** STORED DATA **
◆ ◆ ◆ ◆ ◆

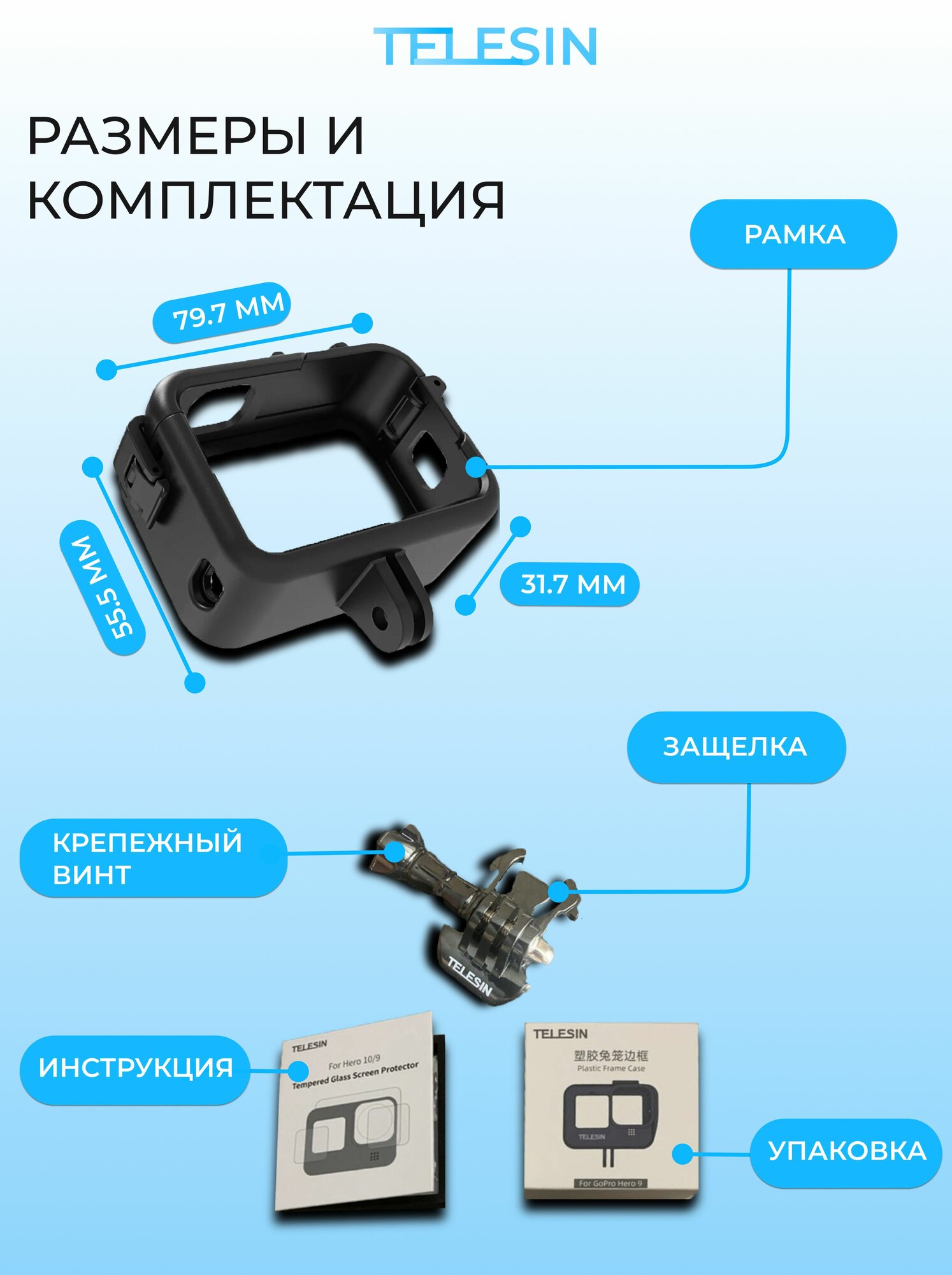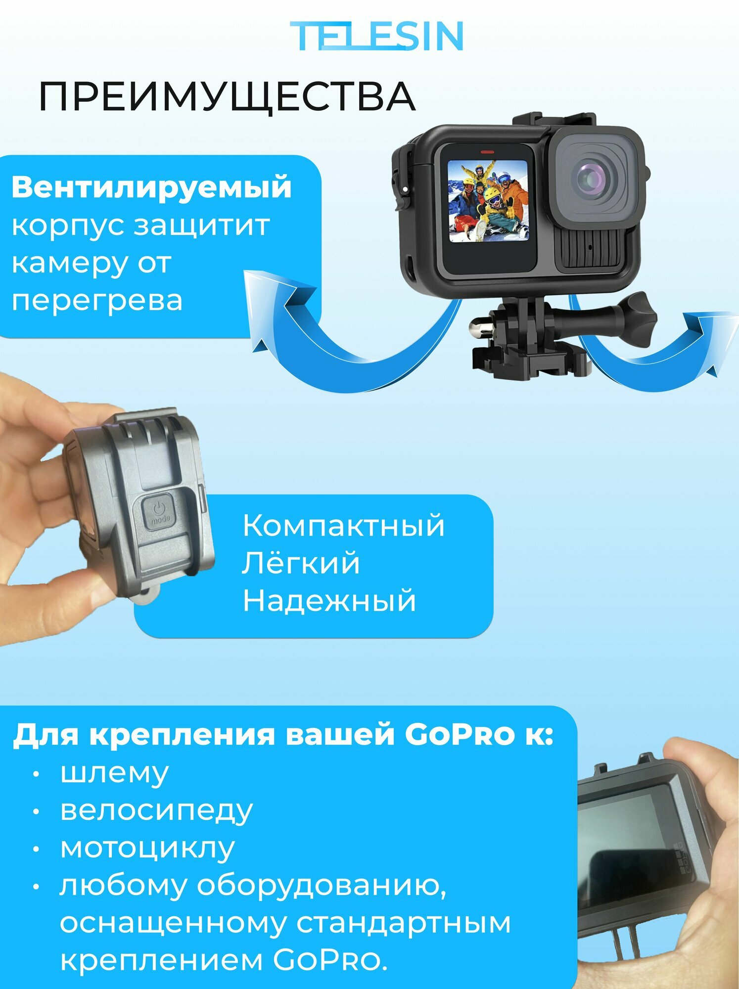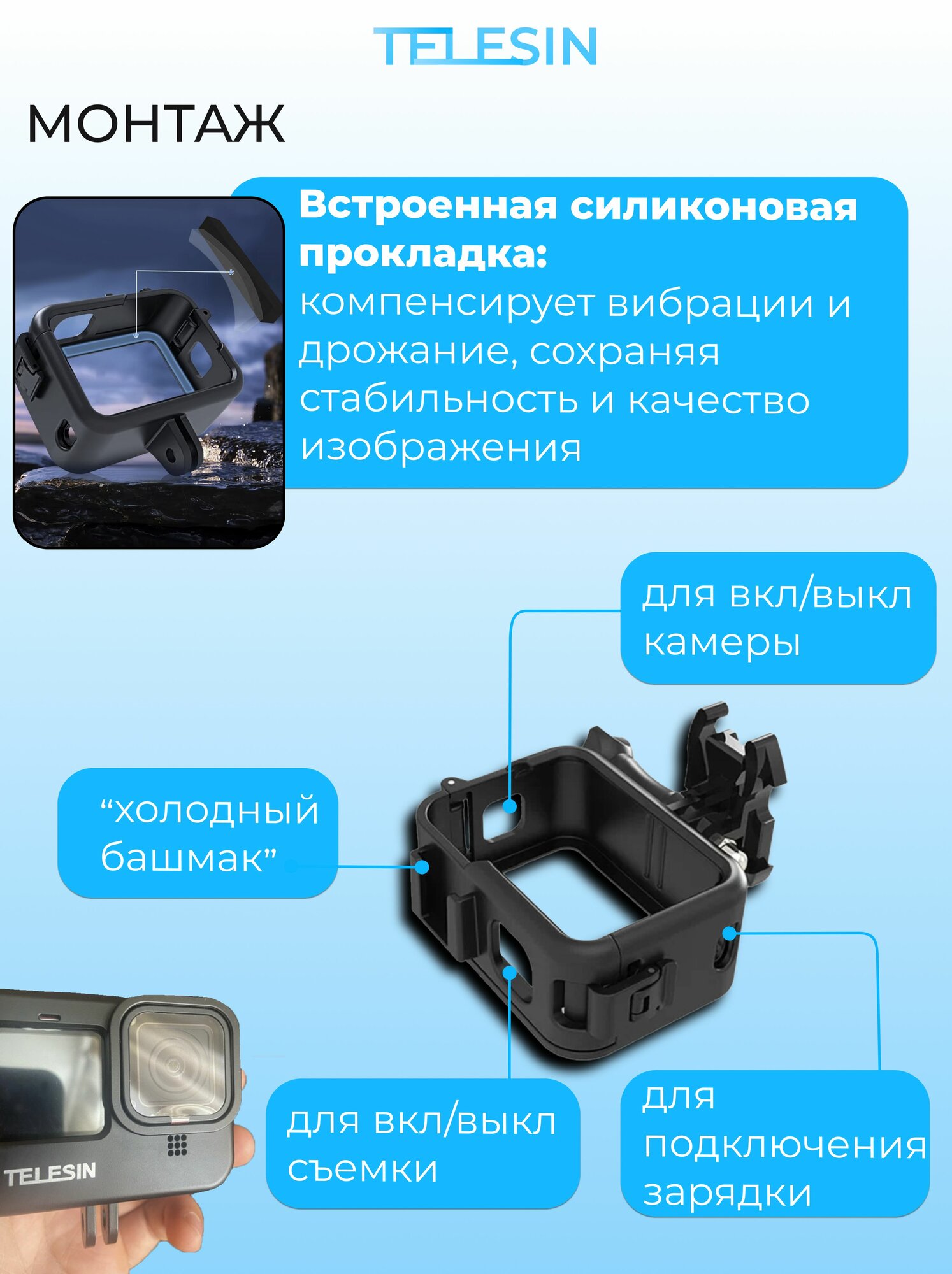 Купить Рамка для экшн камеры GoPro 13/12/11/10/9 крепление холодный башмак Telesin с доставкой по всей России. Рамка для экшн камеры GoPro 13/12/11/10/9 крепление холодный башмак Telesin: сравнение цен, характеристики, фото, актуальное наличие и цены.
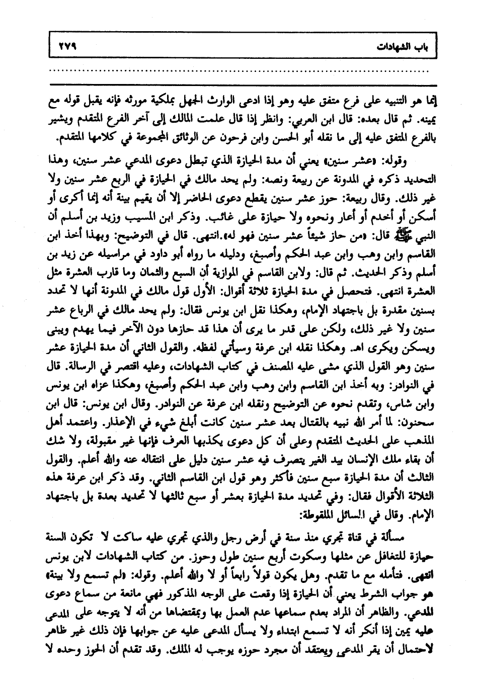 والقول الثالث: أن مدة الحيازة سبع سنين فأكثر وهو قول ابن القاسم الثاني وقد ذكر ابن عرفة هذه الثلاثة الأقوال فقال: وفي تحديد مدة الحيازة بعشر أو سبع ثالثها لا تحديد بعدة بل باجتهاد الإمام وقال في المسائل الملقوطة:
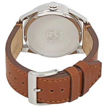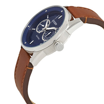 Stainless steel case with a caramel brown leather strap. Fixed stainless steel bezel. Navy blue dial with luminous silver-tone hands and index hour markers. Dial Type: Analog. Luminescent hands and markers. Date display at the 3 o'clock position. Two sub-dials displaying: date and day of the week. Citizen caliber Eco-Drive 8725 eco-drive movement. Scratch resistant mineral crystal. Pull / push crown. Solid case back. Round case shape. Case size: 42 mm. Case thickness: 12 mm. Band width: 22 mm. Tang clasp. Water resistant at 100 meters / 330 feet. Functions: date, day, hour, minute, second. Cto Series. Sport watch style. Watch label: Japan Movt. Citizen CTO Eco-Drive Navy Blue Dial Men's Watch BU4020-01L.

◆ ◆ ◆ ◆ ◆

** TASK DETAILS **
Starting with the line that contains "والقول الثالث: أن", repeat each line exactly through the last line of the data above, and nothing more; the pictures stay out.

** RESULT OF THIS EXERCISE **
 والقول الثالث: أن مدة الحيازة سبع سنين فأكثر وهو قول ابن القاسم الثاني وقد ذكر ابن عرفة هذه الثلاثة الأقوال فقال: وفي تحديد مدة الحيازة بعشر أو سبع ثالثها لا تحديد بعدة بل باجتهاد الإمام وقال في المسائل الملقوطة:
 Stainless steel case with a caramel brown leather strap. Fixed stainless steel bezel. Navy blue dial with luminous silver-tone hands and index hour markers. Dial Type: Analog. Luminescent hands and markers. Date display at the 3 o'clock position. Two sub-dials displaying: date and day of the week. Citizen caliber Eco-Drive 8725 eco-drive movement. Scratch resistant mineral crystal. Pull / push crown. Solid case back. Round case shape. Case size: 42 mm. Case thickness: 12 mm. Band width: 22 mm. Tang clasp. Water resistant at 100 meters / 330 feet. Functions: date, day, hour, minute, second. Cto Series. Sport watch style. Watch label: Japan Movt. Citizen CTO Eco-Drive Navy Blue Dial Men's Watch BU4020-01L.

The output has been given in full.